AnantharamanLab / vRhyme

Binning Virus Genomes from Metagenomes
GNU General Public License v3.0
57 stars 9 forks source link

No bins created-- did we do something wrong or are there really no bins? #37

Open rikander opened 1 week ago

rikander commented 1 week ago

Hi Kris (and Karthik),

My student is trying to bin contigs identified by VirSorter using vRhyme. He is using as input contigs identified by VirSorter as viral, as well as sorted bam files that were mapped to the entire set of of contigs (which includes the ones that Virsorter did not flag as viral). (For reference, we had approximately 2-3 million contigs for each sample, but VirSorter identified about 10,-15,000 contigs as viral per sample.
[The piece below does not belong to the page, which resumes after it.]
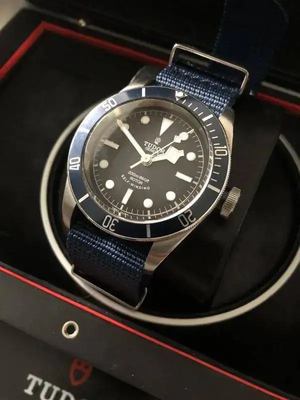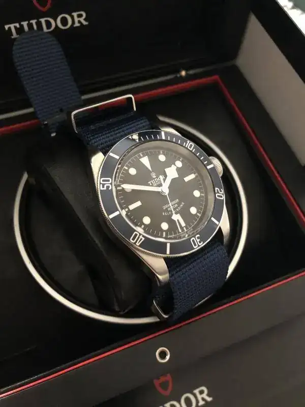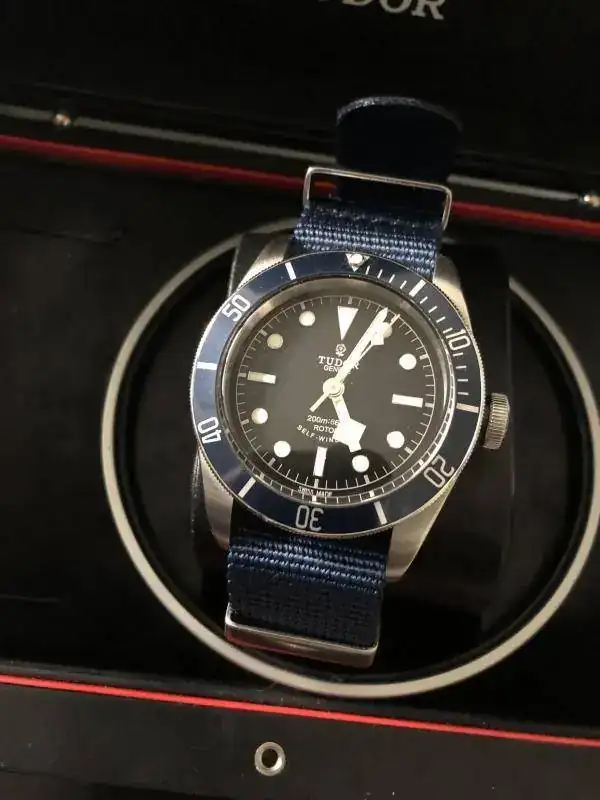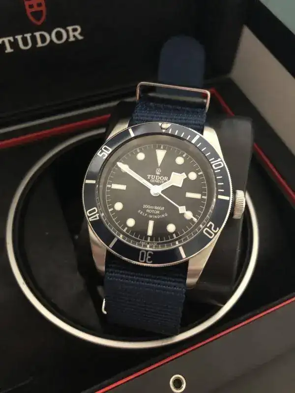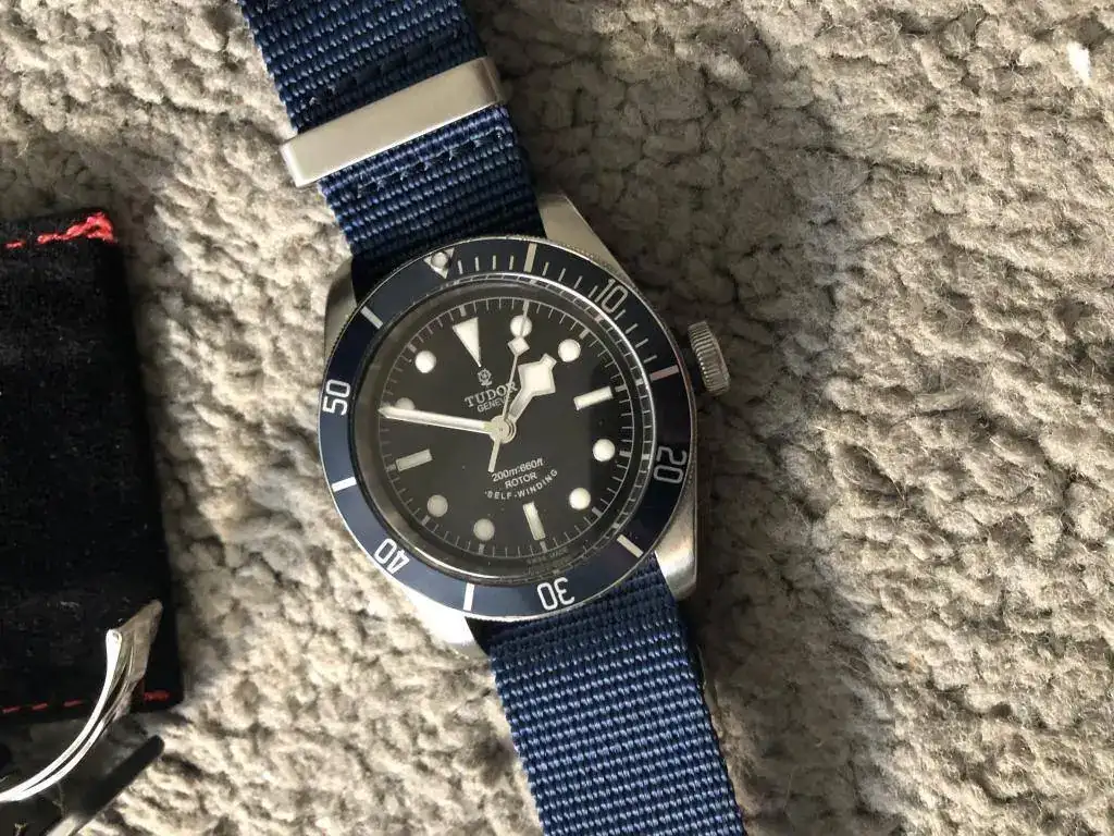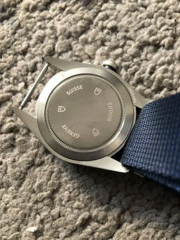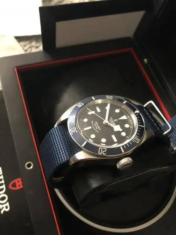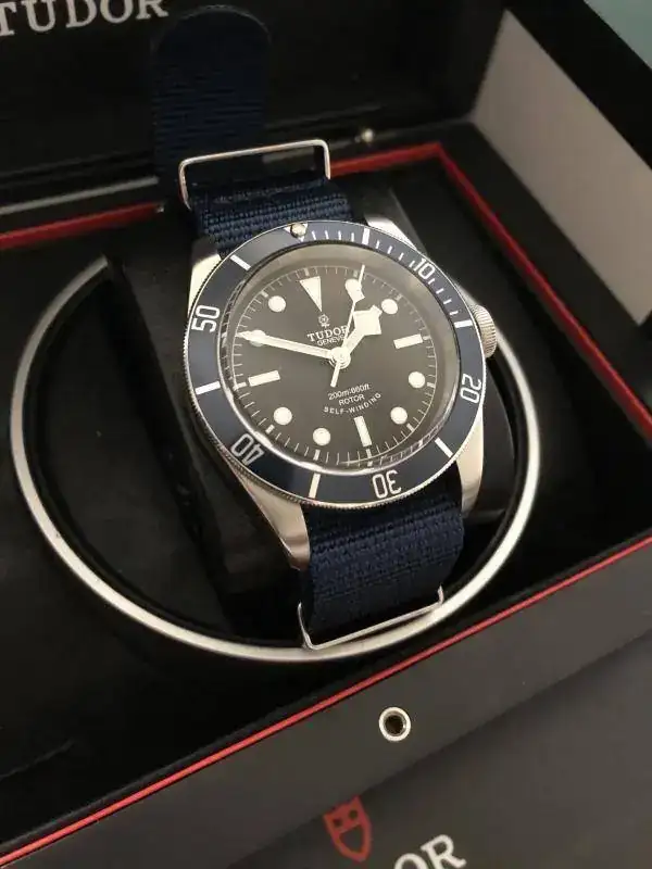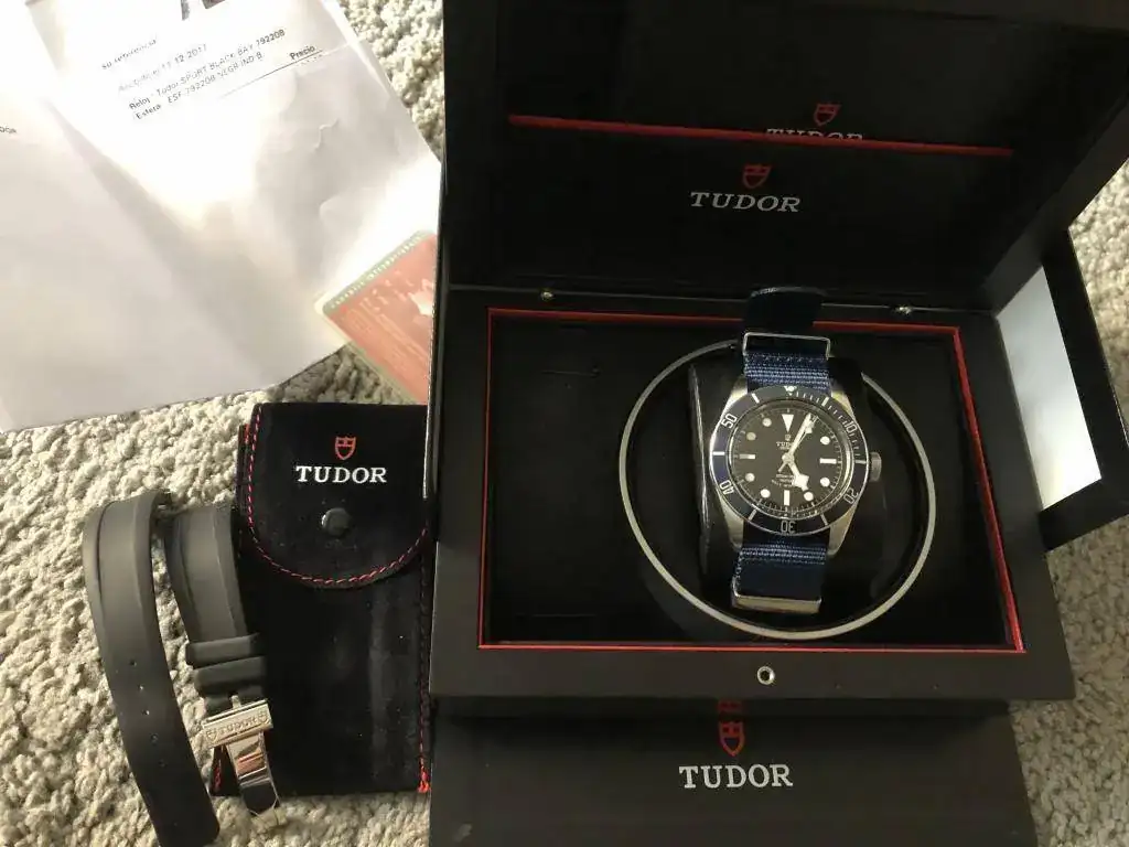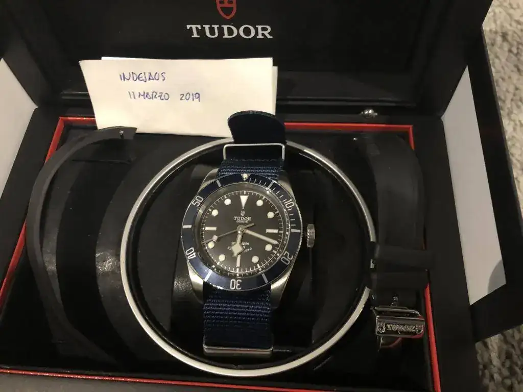 Brazalete: lleva un par de correas, una nato genérica azul, y un caucho tudor original con deployante de 21mm-16mm.

These samples were microbial metagenomes.) He ran vRhyme for 48 samples and vRhyme ran without errors, but it tells us we have no bins for any of the samples. Is this realistic, or did something likely go wrong? If so, do you have any thoughts?

Thanks! -Rika

KrisKieft commented 5 days ago

Hi,

That sounds a bit off. Did you take the set of 10-15k contigs and do one binning run using 48 samples? Versus 48 binning runs with 1 sample each. The former (1 run, 48 samples, set of dereplicated contigs) is the correct usage. Were any parameters changed from their default settings?

Kris

rikander commented 4 days ago

Hi Kris,

OK, so to clarify: we didn't do a co-assembly (that would break our server), so we have 48 separate sets of contigs. Should we combine those contigs into one dereplicated combined fasta file (which would contain something like 500k contigs) and do a vRhyme run on that? For the bam files then, should we map the reads of each sample against that combined fasta file?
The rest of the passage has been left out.